100 years after Rav Shayale's passing, the blessings of his home flow again
When Rav Yeshaya Steiner, known to the world as Reb Shayale of Kerestir, passed away a hundred years ago this week on 3 Iyar in 1925, could he have known that a century later, chassidish singers would be crooning “Yeshaya ben Reb Moshe” songs for personal yeshuos, and that his burial spot on a Hungarian hilltop would become the Jewish world’s most popular yahrtzeit pilgrimage site after Meron on Lag B’omer?
What’s more baffling is that just 20 years ago, most people only knew Reb Shayale as the “mouse rebbe”: Hanging his picture in your house was a surefire segulah for removing mice infestation, based on a miracle story in which Reb Shayale sent a battalion of mice to the local courthouse to shred the file of evidence against a fellow Jew who’d be standing trial the next day. Yet who would have dreamed of flying to Hungary to go to his kever? And how, as they say in today’s vernacular, did Reb Yeshaya “go viral”?
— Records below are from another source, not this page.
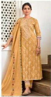
JEG | 7025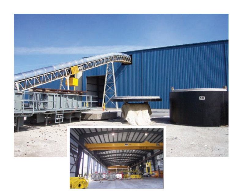
Concrete Pipe Manufacturing Tacoma, Washington Building Systems West, LLC, Builder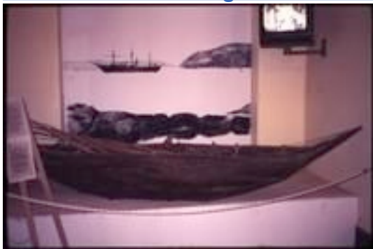
Indian canoe on display in Navy museum Child, Jack (Creator)

View Full Item in Georgetown University Library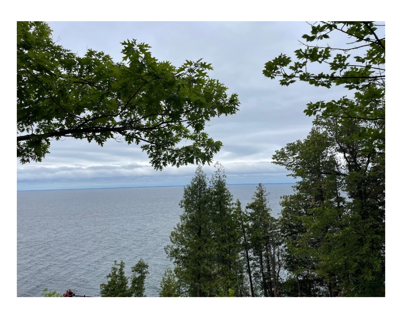
Day 4: Thursday June 6, 2024, 54 miles, +1889 ft.

Day 3 we will leave Sturgeon Bay and continue north on the east coastline to Bailey's Harbor, North Bay, west across the peninsula to Ephraim. From Ephraim, we will proceed to Peninsula State Park and ride the perimeter of the Park including 8 miles of shoreline. We will end in the town of Fish Creek and stay at Julies Café Motel. We will be in Fish Creek for 2 nights. <a href="https://www.Julesmotel.com">https://www.Julesmotel.com</a>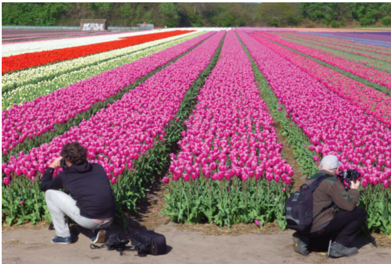
TOURISTS TAKING PHOTOS OF THE WORLD FAMOUS TULIP FIELDS.

Fewer growers are working the country's ever-expanding flower bulb fields, the national statistic office CBS reported last month.

A chassidic rebbe in the Hungarian village of Kerestir (Bodrogkeresztúr), Reb Shayale was beloved and revered for his kindness and humility, with the doors of his home at 68 Kossuth Utca always open to all.
From impassioned chassidim who doted on his every word, to lost souls searching for a bed and a warm meal, everyone was made to feel welcome in Reb Shayale’s house, where a seemingly never-ending supply of food and drink was dispensed at all hours of the day and night. The downtrodden, the forlorn, the struggling, and even the lice-infested were all treated like royalty by Reb Shayale, and visitors left Kerestir both spiritually and physically sated, often seeing miraculous personal salvations when all hope seemed lost.